# Santa stick



## CV3 (Jan 30, 2014)

This is a stick done by a carver on another forum I visit. I ask if I could share it with you and he said sure. I also invited him to come to our site. I hope he will.


----------



## cobalt (Nov 14, 2013)

like the attention to detail the folds in the clothing is good also like the transition form the topper to the shank a nicely dressed piece of work .

I always think that these type of toppers should be made with a interchangeable topper so after Christmas you can put another type of topper on the shank as once you get the shank you like I like to use it all the time by changing the topper.

But a nice piece of work and well painted


----------



## Whiteroselad (Dec 4, 2015)

I think the detail on this piece is incredible, it never fails to surprise me the standard of detail some craftsmen can produce! N.


----------



## MJC4 (Mar 6, 2014)

Very well done. I have done several Santa's never thought to add "bowl full of jelly"


----------



## Rodney (Jun 12, 2015)

Thanks for sharing that. That's a great Santa.

Rodney


----------



## GregGerard (Dec 6, 2015)

Thank You Randy for telling me about this site and thank you to all for the fine comments. I love to carve wood and occasionally carve walking sticks.
I glanced through the gallery a little bit and there's some beautiful work there. this looks like a nice place to learn some things so I'll take some time and look around.


----------



## cobalt (Nov 14, 2013)

Welcome to the site Gregg. is the avatar one of you pieces ? nice work anyway

We are all hoping to learn something


----------



## GregGerard (Dec 6, 2015)

hello, cobalt
thanks for the greetings. Yes, my avatar is a carving I did this past year. A beardless Viking/warrior in Oak.


----------



## Rodney (Jun 12, 2015)

Welcome Gregg! That's a great carving.

Rodney


----------



## CV3 (Jan 30, 2014)

Glad you found the site Greg. Great group of stick makers here. Look forward to your sharing. I had not seen your Viking great carving!


----------



## cobalt (Nov 14, 2013)

I can see that beeing made into a great topper for a hiking pole

Just a matter of scale


----------



## GregGerard (Dec 6, 2015)

You're right, cobalt. I think it would make a nice topper. it would have to be scaled down quite a bit.The carving is life size.
... so many ideas and not enough time To carve them all


----------



## cobalt (Nov 14, 2013)

The style you have carved you avatar in is akin to the style I like quite realistic and the fact you haven't painted it is good .Often torn whether to paint something or not.
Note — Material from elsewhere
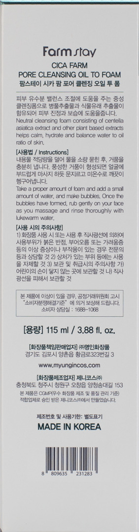 Изготовитель: MYUNGIN COSMETICS CO. LTD., 441-4, Gongneungcheon-ro, Ilsandong-gu, Goyang-si, Gyeonggi-do, РЕСП. КОРЕЯ. Гидрофильное масло-пенка идеально удаляет остатки макияжа и загрязнений, дарит ощущение комфорта и свежести, подготавливает кожу для дальнейшего ухода. Масло-пенка подойдет для комбинированной, жирной, проблемной, чувствительной и раздраженной кожи. Экстракт центеллы азиатской эффективно успокаивает, помогает в борьбе с поврежденными участками кожи, ускоряет процессы восстановления. Способ применения: выдавить необходимое количество средства на ладонь. Нанести субстанцию на сухую кожу лица и аккуратно помассировать, удаляя загрязнения. Затем смочить руки и снова помассировать кожу, чтобы масло преобразовалось в пенку. Завершив процесс очищения, тщательно смыть пенку тёплой водой.
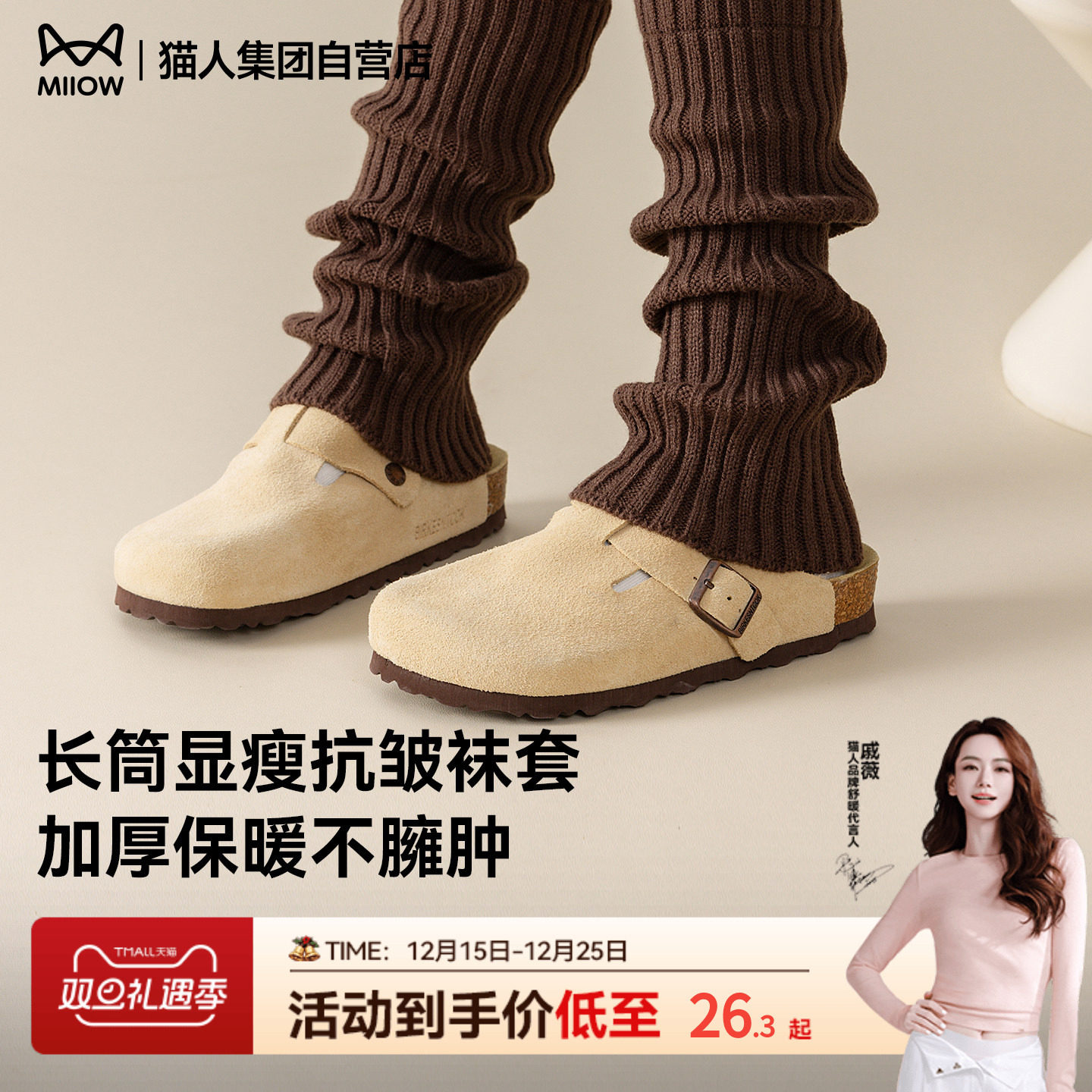猫人新款袜套小腿袜堆堆袜子女秋冬季叠穿针织棕色配靴子长筒腿套

But something on these lines give a shank such a individual character it stands out from the rest

your right about not having the time to try things most of us have that trouble .There's so many things to do that I enjoy I cant fit it all in


----------



## GregGerard (Dec 6, 2015)

On this particular Piece, the skin tone, I used a 2 part wood bleach. I was real pleased with the results it gave just the right amount of contrast. I definitely will use it again.
I thinks some carvings can really be enhanced with paint or a little color/stain... but it can be very tricky to get it right. I have gotten it wrong many times.


----------



## cobalt (Nov 14, 2013)

I have played aroud with artist inks mixed with varnish to try and get tints . it does enhace the wood when it works it does take some time to get it right it all depends on the colour ofthe wood you use . spend a lot of time testing bits and the other problem is repeating the same process dosnt take much to get it wrong


----------